With all these examples, it is easy to say that technology is bad and if we don't do something we will all be replaced by some automated system that will do everything for us. Journalists, for instance, fear the new advances in automated reporting and data based publishing.
But will that actually happen?
One argument is that we only have to look at the unemployment rate. The graph below, using data from the U.S. Bureau of Labor Statistics, certainly shows a much higher unemployment rate today, and a trend curve pointing to that more and more people will be out of a job (55% higher today than in 1948).

There are, however, two factors we have to consider when looking at this graph. One is that we have also seen a 78% increase in salaries, causing the cost of doing business to increase, and thus putting an added pressure on businesses to do the same work with less people.
The other factor is even more profound. From 1948 and until today, the population of the USA has doubled. With twice as many people, all requiring a job, it's remarkable that the unemployment rate isn't higher. On top of this, the worker productivity rate has dropped as well. In the first quarter of 2012 alone, productivity dropped 0.9%.
Would there be more jobs if we still needed people to place bowling pins and manually move wires every time we wanted to make a phone call? Sure, but only if we also accepted a lower salary.
Technology is not what's causing unemployment. What's causing it is drastically more people demanding bigger pay-checks, and working less. Businesses simply cannot afford it, so they turn to technology to keep the cost at a profitable level.
Of course, people then argue that they have to earn more money, because the products we buy are more expensive every year, which is true. But that is the vicious cycle we are in. Cost goes up, companies increase their prices and lays off people. This results in more expensive goods that cause people to demand higher salaries, causing the cost to go up, causing companies to increase their prices again, and fire even more people.
And this is where the other argument comes into play. The argument is that, without our advances in technology, this vicious cycle would run amok. Without technology, companies would not be capable of cutting cost of manufacturing, and as such would have to increase the price of their products even more. And the numbers certainly supports that theory.
Without the advances in technology, our increase in population, salary growth, and productivity decrease, would simply not be sustainable.
But there is also another factor at play. Technology is allowing us to expand the scope of what each one of us can engage with. This is nothing new. Before the industrial age, people bought few products at a low rate. You didn't buy new clothes, shoes, apps, or games every other week. But the industrial revolution completely changed that. After the industrial revolution, the number of different products people sold and the frequency at which they bought them at, exploded.
And this is exactly what is happening again with the connected world. In the past, people purchased one or two newspapers. Now people use even more money, on a much greater variety of content and at a much higher frequency than ever before.
This fundamentally changes how we do business and causes an explosion in new opportunities and jobs. While the industrial revolution put a lot of people out of a job, this expansion of the market into many new fields caused the unemployment numbers to stay largely the same - even as the population numbers doubled.

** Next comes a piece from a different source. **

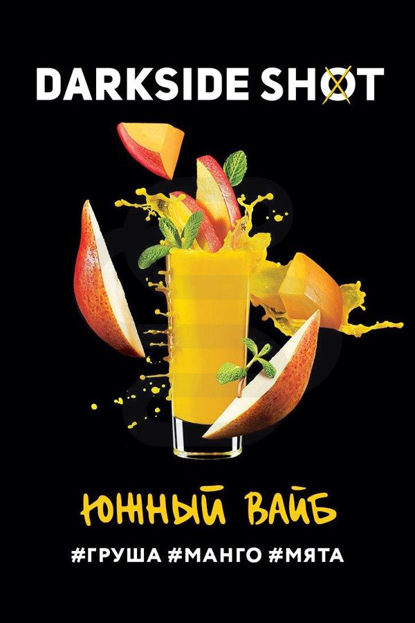Darkside Shot Южный вайб (Груша,Манго,Мята) — сочный микс сладкой груши, кислого манго и мяты.

The shift that we are seeing today is extremely short term. The newspapers are struggling because they operate without the efficiency of the new world - just like old businesses could not compete with the industrialized businesses in the 1800s.
It causes a lot of jobs to disappear, and entire industries are becoming obsolete. But in the long term, the trends that we see today will cause a new explosion in new industries, new services, and new products.
But the biggest trend of them all is that we are removing the middlemen. We removed the people who manually placed bowling pins, and we removed the people who manually connected our phones.
As we become ever more efficient, in a directly connected world, we will shift towards a world of creators buying and selling directly from each other.